[Data items]
*** Begin section ***
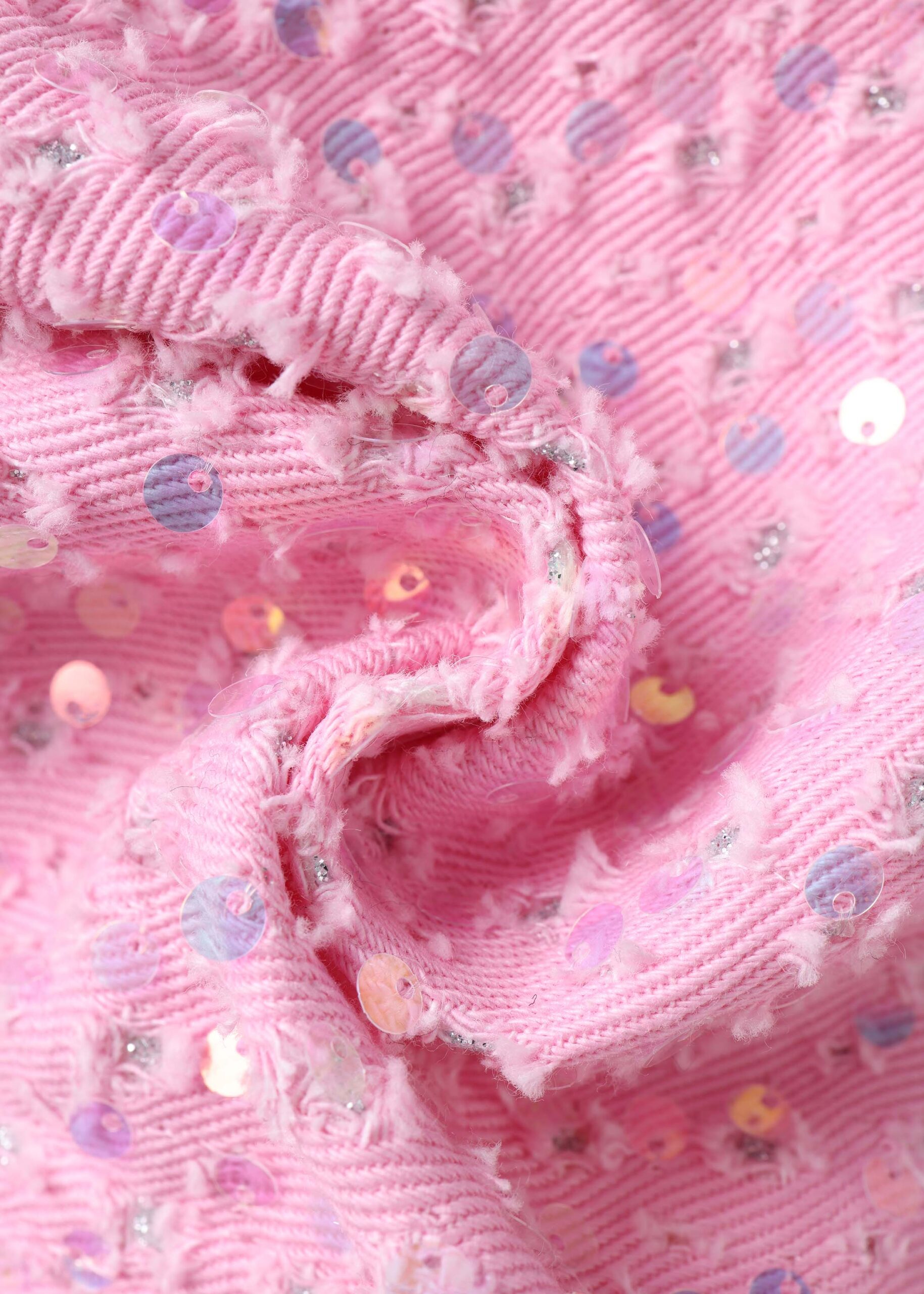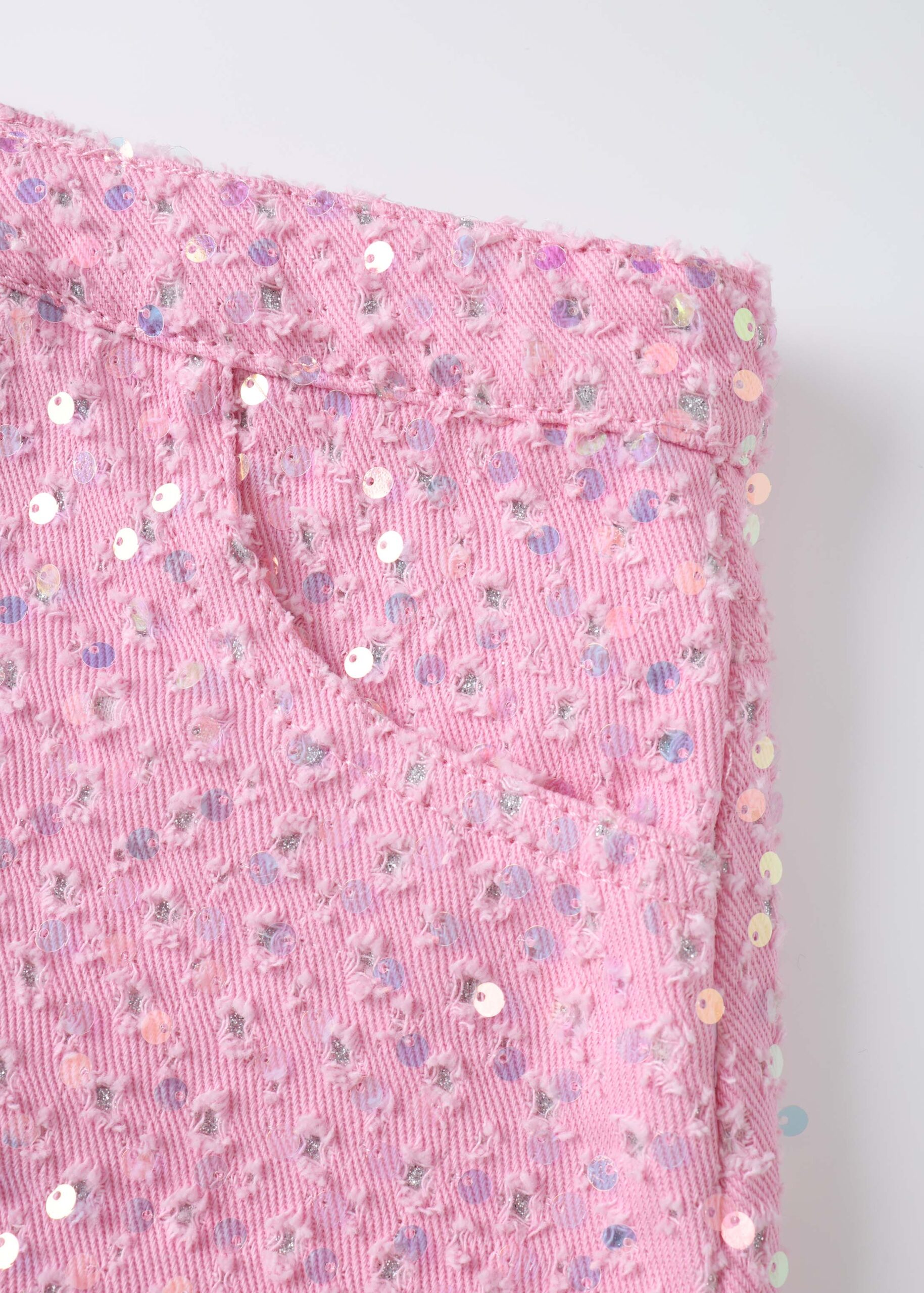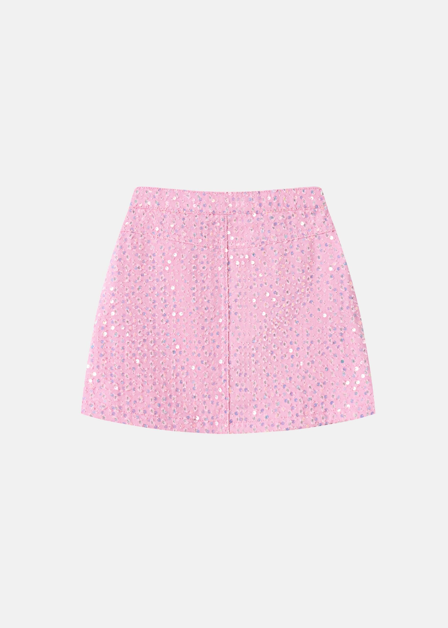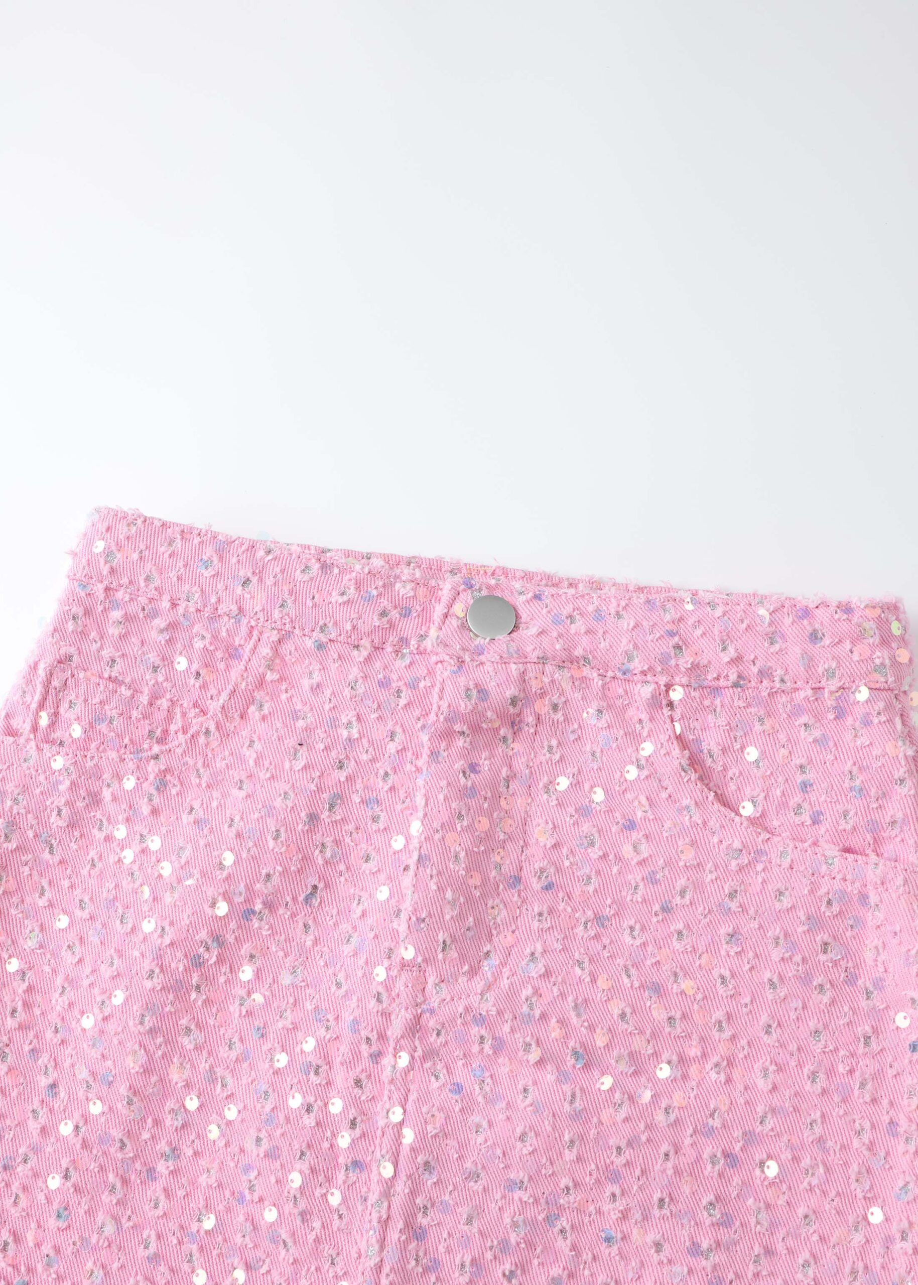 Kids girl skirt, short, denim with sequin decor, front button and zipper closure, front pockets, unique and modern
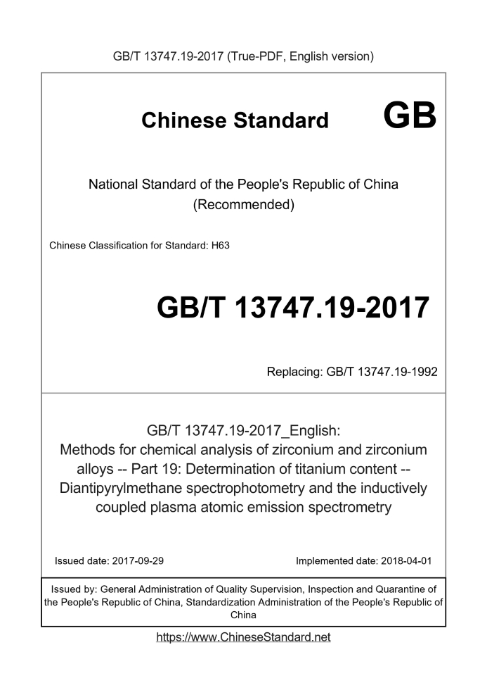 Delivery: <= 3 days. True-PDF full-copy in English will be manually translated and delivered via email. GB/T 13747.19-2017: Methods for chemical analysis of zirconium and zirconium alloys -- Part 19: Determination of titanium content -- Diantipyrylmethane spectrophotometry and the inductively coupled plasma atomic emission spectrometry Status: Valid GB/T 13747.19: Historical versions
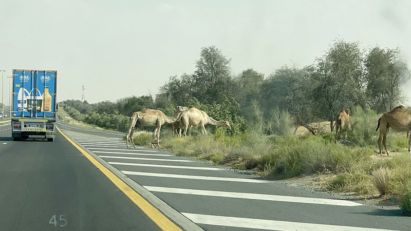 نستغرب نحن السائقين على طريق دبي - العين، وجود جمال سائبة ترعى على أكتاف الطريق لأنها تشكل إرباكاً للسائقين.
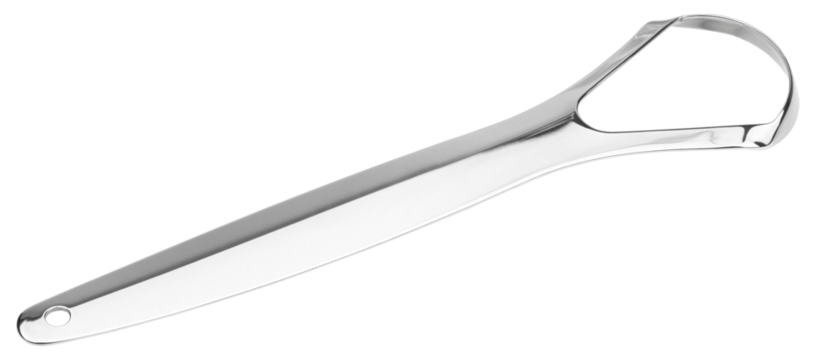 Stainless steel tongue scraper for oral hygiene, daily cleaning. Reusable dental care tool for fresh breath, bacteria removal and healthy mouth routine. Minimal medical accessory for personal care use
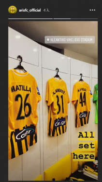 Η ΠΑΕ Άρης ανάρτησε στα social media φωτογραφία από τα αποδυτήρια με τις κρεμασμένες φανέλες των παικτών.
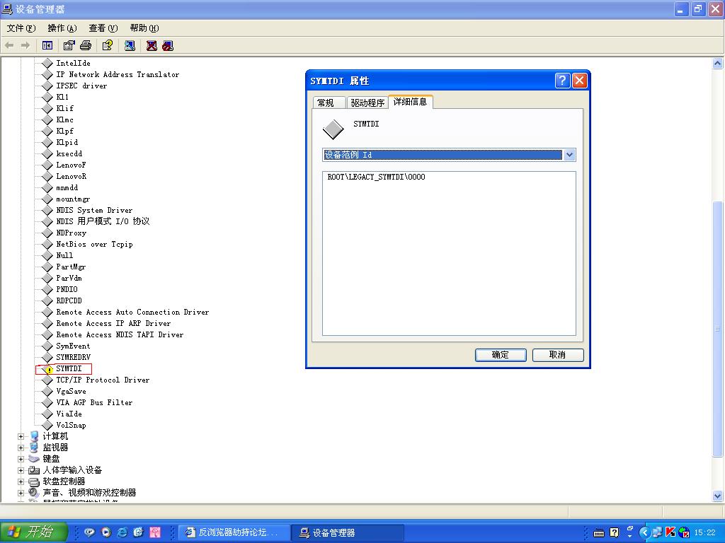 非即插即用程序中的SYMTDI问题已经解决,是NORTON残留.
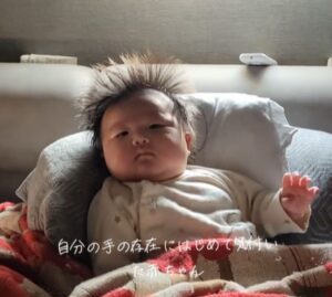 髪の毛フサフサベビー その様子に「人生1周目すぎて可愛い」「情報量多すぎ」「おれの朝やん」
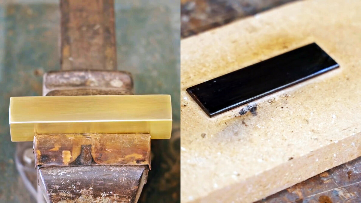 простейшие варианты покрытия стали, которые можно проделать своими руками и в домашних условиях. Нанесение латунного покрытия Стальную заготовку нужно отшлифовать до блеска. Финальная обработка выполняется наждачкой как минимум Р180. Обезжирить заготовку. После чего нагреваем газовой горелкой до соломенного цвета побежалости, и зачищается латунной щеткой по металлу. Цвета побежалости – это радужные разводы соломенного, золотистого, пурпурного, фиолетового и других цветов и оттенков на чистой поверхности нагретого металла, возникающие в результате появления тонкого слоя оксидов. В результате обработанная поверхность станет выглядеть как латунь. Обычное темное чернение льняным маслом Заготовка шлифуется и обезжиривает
*** End section ***
Only one thing is required: an exact printout of the lines from the line containing "髪の毛フサフサベビー その様" through the last line of the records, pictures excluded.

■ SOLUTION TO THE PROBLEM ■
 髪の毛フサフサベビー その様子に「人生1周目すぎて可愛い」「情報量多すぎ」「おれの朝やん」
 простейшие варианты покрытия стали, которые можно проделать своими руками и в домашних условиях. Нанесение латунного покрытия Стальную заготовку нужно отшлифовать до блеска. Финальная обработка выполняется наждачкой как минимум Р180. Обезжирить заготовку. После чего нагреваем газовой горелкой до соломенного цвета побежалости, и зачищается латунной щеткой по металлу. Цвета побежалости – это радужные разводы соломенного, золотистого, пурпурного, фиолетового и других цветов и оттенков на чистой поверхности нагретого металла, возникающие в результате появления тонкого слоя оксидов. В результате обработанная поверхность станет выглядеть как латунь. Обычное темное чернение льняным маслом Заготовка шлифуется и обезжиривает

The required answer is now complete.